Source information
+===+

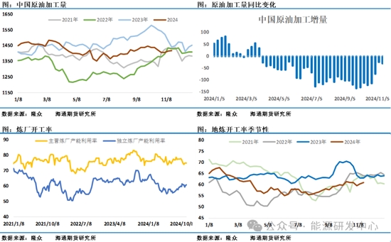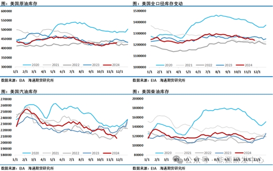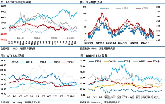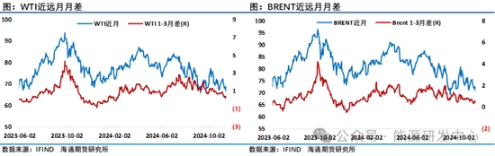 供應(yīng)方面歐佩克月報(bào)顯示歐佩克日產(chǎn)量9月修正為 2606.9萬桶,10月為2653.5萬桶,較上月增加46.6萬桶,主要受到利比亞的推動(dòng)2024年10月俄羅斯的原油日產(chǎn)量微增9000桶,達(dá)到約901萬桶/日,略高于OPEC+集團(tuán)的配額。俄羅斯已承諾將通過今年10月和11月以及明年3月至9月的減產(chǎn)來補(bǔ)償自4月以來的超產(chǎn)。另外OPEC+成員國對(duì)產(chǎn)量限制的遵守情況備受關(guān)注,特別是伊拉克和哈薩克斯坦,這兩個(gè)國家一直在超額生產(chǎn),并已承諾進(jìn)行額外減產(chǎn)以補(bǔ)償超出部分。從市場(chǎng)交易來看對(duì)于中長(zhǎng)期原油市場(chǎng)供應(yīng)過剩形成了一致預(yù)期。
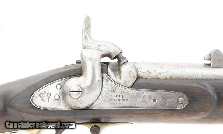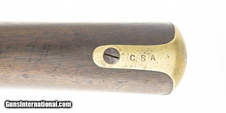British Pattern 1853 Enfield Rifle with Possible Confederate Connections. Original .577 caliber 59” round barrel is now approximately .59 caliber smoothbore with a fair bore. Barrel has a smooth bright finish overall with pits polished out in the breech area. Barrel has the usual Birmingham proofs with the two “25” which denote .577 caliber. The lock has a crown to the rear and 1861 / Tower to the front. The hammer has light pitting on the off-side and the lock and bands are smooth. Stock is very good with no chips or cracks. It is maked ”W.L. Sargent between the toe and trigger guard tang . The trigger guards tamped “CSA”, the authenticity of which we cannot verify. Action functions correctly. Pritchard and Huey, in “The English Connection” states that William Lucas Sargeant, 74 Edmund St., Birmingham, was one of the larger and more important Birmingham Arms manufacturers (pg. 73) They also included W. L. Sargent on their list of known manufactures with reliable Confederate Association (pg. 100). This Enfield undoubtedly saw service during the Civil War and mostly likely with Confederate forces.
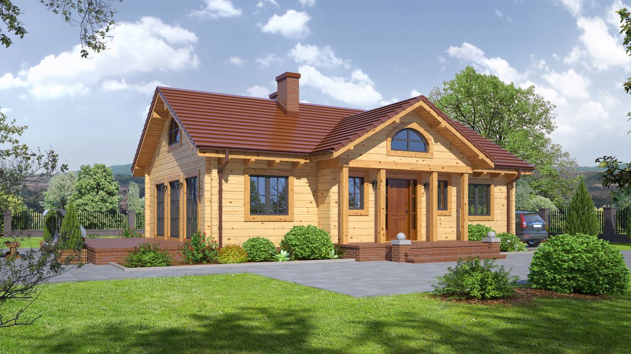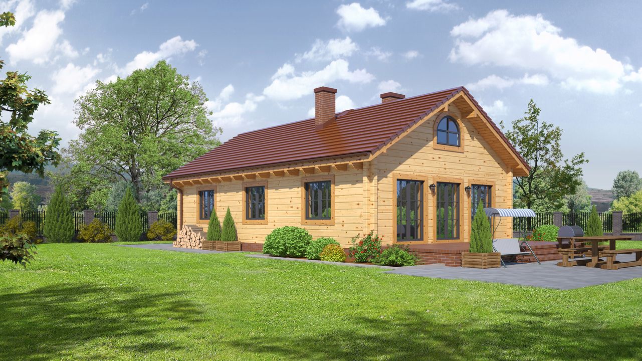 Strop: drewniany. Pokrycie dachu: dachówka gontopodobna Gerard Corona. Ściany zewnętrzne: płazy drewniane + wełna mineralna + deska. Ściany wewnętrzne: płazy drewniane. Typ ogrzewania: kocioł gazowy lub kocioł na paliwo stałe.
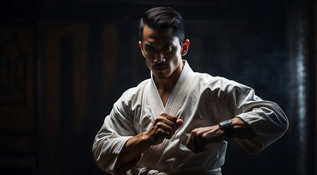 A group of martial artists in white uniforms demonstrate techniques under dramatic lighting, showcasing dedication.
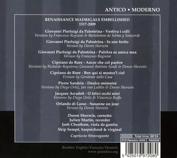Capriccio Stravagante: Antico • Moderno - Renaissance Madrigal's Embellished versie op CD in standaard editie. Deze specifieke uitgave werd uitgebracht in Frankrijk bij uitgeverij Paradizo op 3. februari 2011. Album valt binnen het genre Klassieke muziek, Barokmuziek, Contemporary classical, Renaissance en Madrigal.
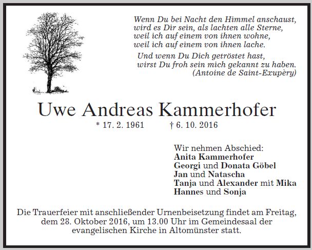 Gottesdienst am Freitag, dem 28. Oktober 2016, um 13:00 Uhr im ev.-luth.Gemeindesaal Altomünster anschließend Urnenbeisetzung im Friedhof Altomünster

+===+

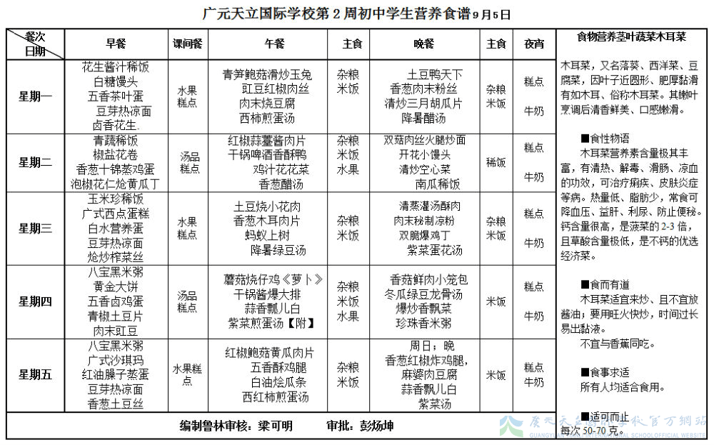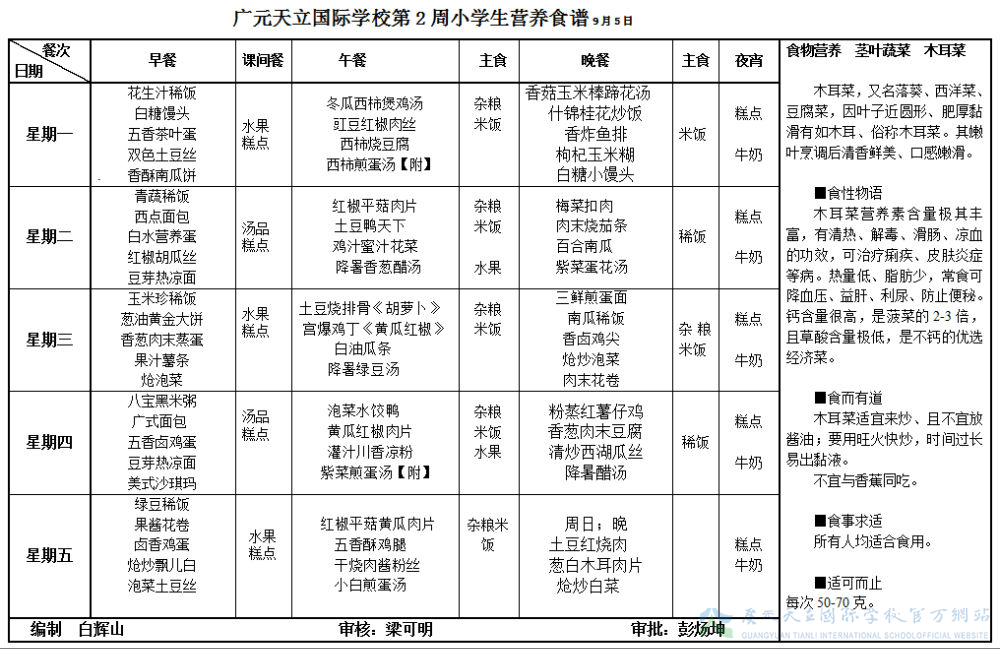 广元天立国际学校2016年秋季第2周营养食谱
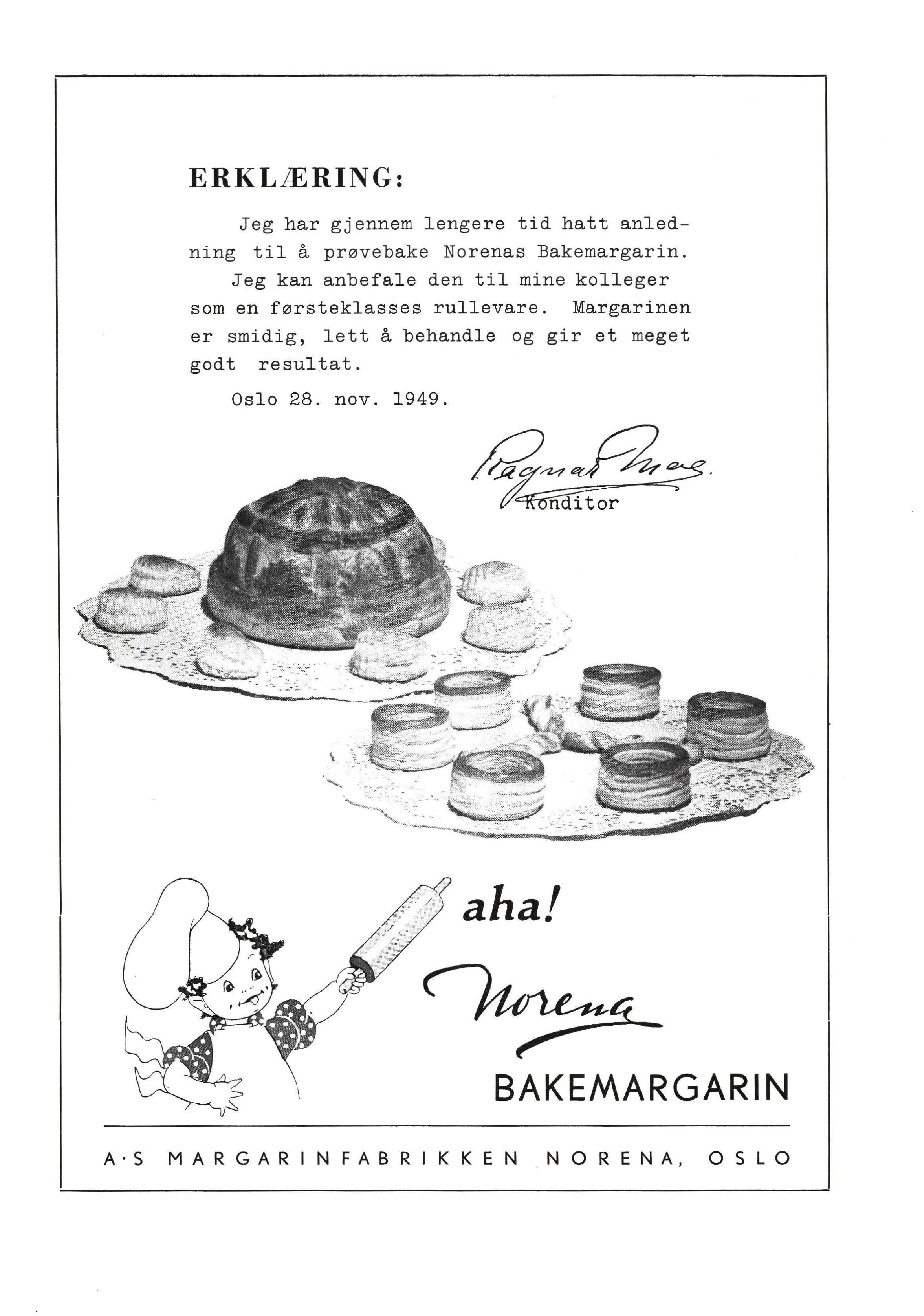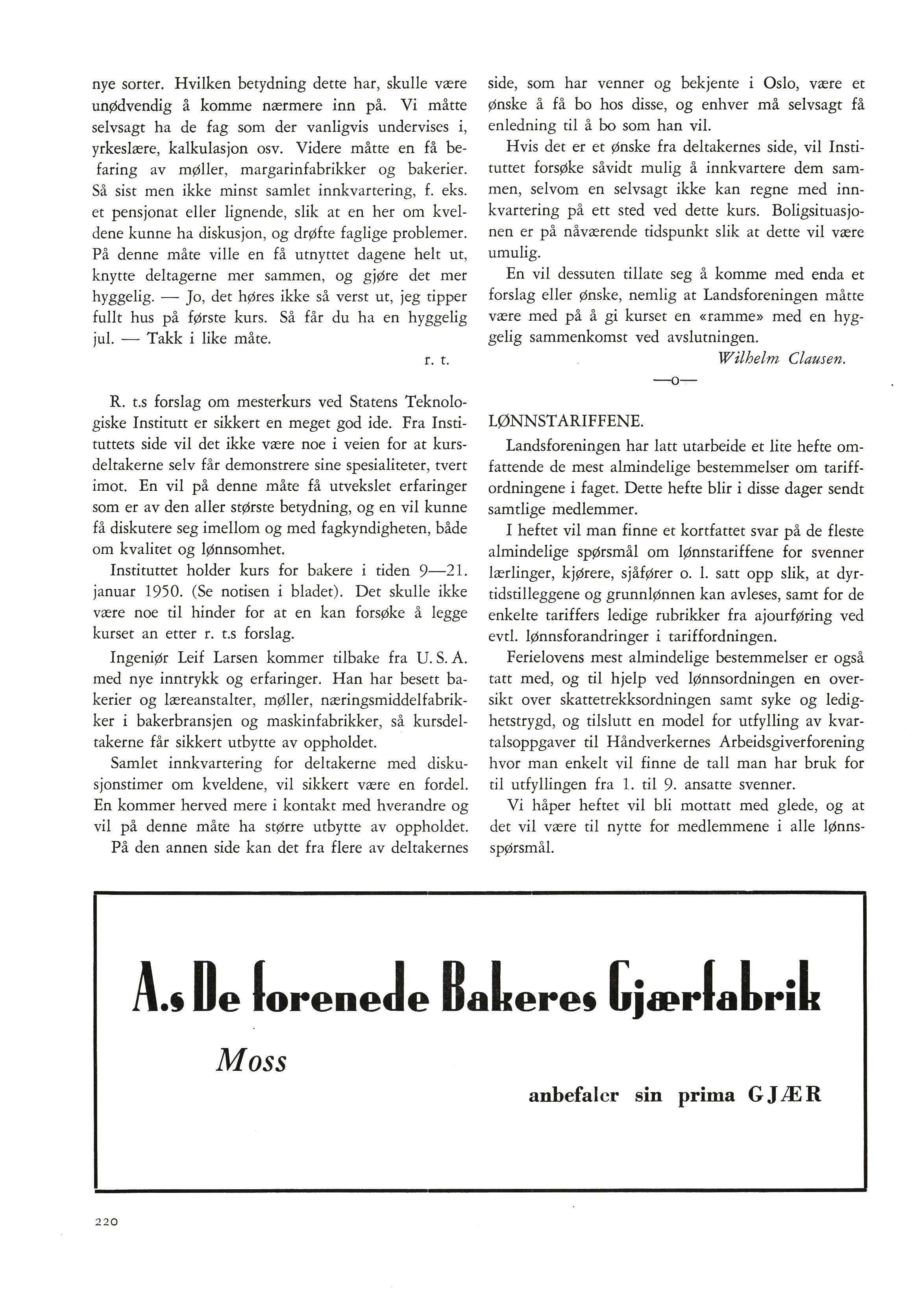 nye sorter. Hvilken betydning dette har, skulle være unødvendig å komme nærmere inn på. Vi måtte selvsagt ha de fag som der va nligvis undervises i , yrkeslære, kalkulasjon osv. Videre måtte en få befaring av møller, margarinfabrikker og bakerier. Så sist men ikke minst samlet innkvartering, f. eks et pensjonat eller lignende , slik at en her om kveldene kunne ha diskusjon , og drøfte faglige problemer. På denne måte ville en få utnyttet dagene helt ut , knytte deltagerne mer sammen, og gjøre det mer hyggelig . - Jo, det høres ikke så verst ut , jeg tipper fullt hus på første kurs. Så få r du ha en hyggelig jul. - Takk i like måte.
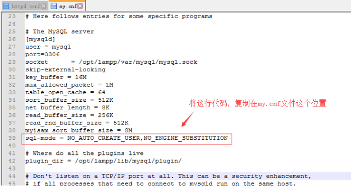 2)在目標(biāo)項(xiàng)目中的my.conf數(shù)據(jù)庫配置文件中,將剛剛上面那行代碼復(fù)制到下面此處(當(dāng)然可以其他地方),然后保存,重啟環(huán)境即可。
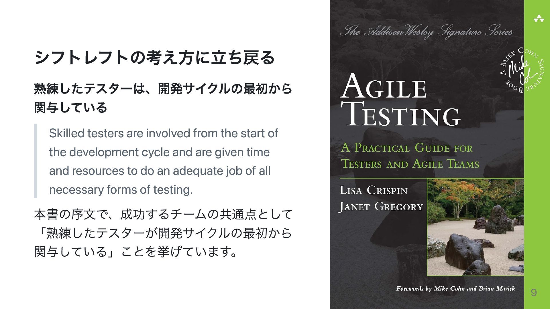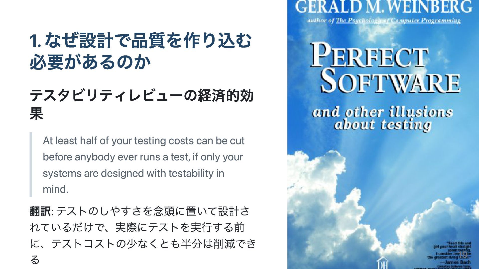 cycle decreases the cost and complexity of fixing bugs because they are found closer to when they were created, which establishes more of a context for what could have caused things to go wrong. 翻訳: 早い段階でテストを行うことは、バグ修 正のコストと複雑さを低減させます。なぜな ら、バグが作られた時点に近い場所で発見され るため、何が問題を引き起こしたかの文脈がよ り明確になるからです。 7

+===+

What you will do
Lines wanted from the entries above: the one with "A group of martial", the one with "Gottesdienst am Freitag, dem", and all lines between. Please copy them exactly, without the pictures and without anything else.

Your solution
 A group of martial artists in white uniforms demonstrate techniques under dramatic lighting, showcasing dedication.
Capriccio Stravagante: Antico • Moderno - Renaissance Madrigal's Embellished versie op CD in standaard editie. Deze specifieke uitgave werd uitgebracht in Frankrijk bij uitgeverij Paradizo op 3. februari 2011. Album valt binnen het genre Klassieke muziek, Barokmuziek, Contemporary classical, Renaissance en Madrigal.
 Gottesdienst am Freitag, dem 28. Oktober 2016, um 13:00 Uhr im ev.-luth.Gemeindesaal Altomünster anschließend Urnenbeisetzung im Friedhof Altomünster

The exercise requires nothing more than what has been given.